ELITIZADO, PRONAF EXCLUI COMUNIDADES
Criado em 1999, o Programa de Fortalecimento da Agricultura Familiar (Pronaf) também está sob ameaça, constata a Fian Brasil. Aumentou-se a exigência de documentos, declarações e registros, “com uma clara tendência de elitização do Programa, o que acaba por excluir comunidades”.
Entre 2003 e 2015, o Programa de Aquisição de Alimentos (PAA) comprou um total de R$ 6,4 bilhões, de aproximadamente 298 mil agricultores familiares, e o Programa Nacional de Alimentação Escolar (PNAE) destinou um orçamento anual de R$ 1,24 bilhão para as compras diretas.
Em 2017, porém, o Programa sofreu uma redução de 39% em comparação com 2016, com a exclusão de mais da metade do público atendido. O relatório também lembra que o PAA tem sido alvo de recorrentes auditorias por parte dos órgãos de controle. E que, em junho de 2016, o governo revogou uma chamada pública que visava atender 930 associações e cooperativas.
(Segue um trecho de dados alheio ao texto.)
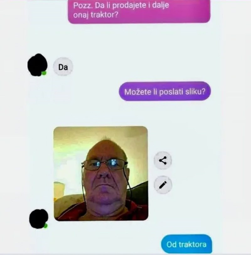 Možda je u tih nekoliko minuta, koliko je trajala izmjena prvih poruka, zaboravio da prodaje traktor. Drugog objašnjenja nema :D

– Também está em debate a possível redução de 30% para 10% da obrigatoriedade da compra de alimentos da agricultura familiar ou, ainda, a retirada total da obrigatoriedade, uma decisão que poderá vir a favorecer a iniciativa privada e a terceirização da alimentação escolar.
TERRA MERCANTILIZADA…
Outro retrocesso apontado pelo relatório da Fian Brasil refere-se à mercantilização da terra no Brasil, especialmente na expansão da fronteira agrícola da região do Matopiba (Maranhão, Tocantins, Piauí e Bahia), uma área de 73 milhões de hectares – quase 10% do território brasileiro – em 337 municípios.
Existem nessa área 35 terras indígenas, 46 unidades de conservação ambiental, 745 assentamentos rurais e 36 áreas quilombolas declaradas pelo Instituto Nacional de Colonização e Reforma Agrária (Incra). Ou seja, não cabe todo mundo.
… E SEM REFORMA AGRÁRIA
Por fim, diminui a perspectiva de uma reforma agrária qualificada. Primeiro, com a tendência de municipalização. Em segundo lugar, porque a MP da regularização fundiária, a 759, favorece a titulação individual:
– O risco é o de que a titulação individual e a posterior comercialização de lotes da reforma agrária venham a se somar a mais um ciclo de concentração fundiária e que grande parte do patrimônio da reforma agrária até então conquistado seja revertido ao mercado privado de terras.
O orçamento do Incra para 2017 teve uma diminuição de R$ 840 milhões para o programa Reforma Agrária e Governança Fundiária. Nessa nova fase, diz a Fian Brasil, predomina uma concepção individualizante e focalizada, “que frustra a possibilidade de converter os assentamentos em áreas protegidas voltadas à produção de alimentos”.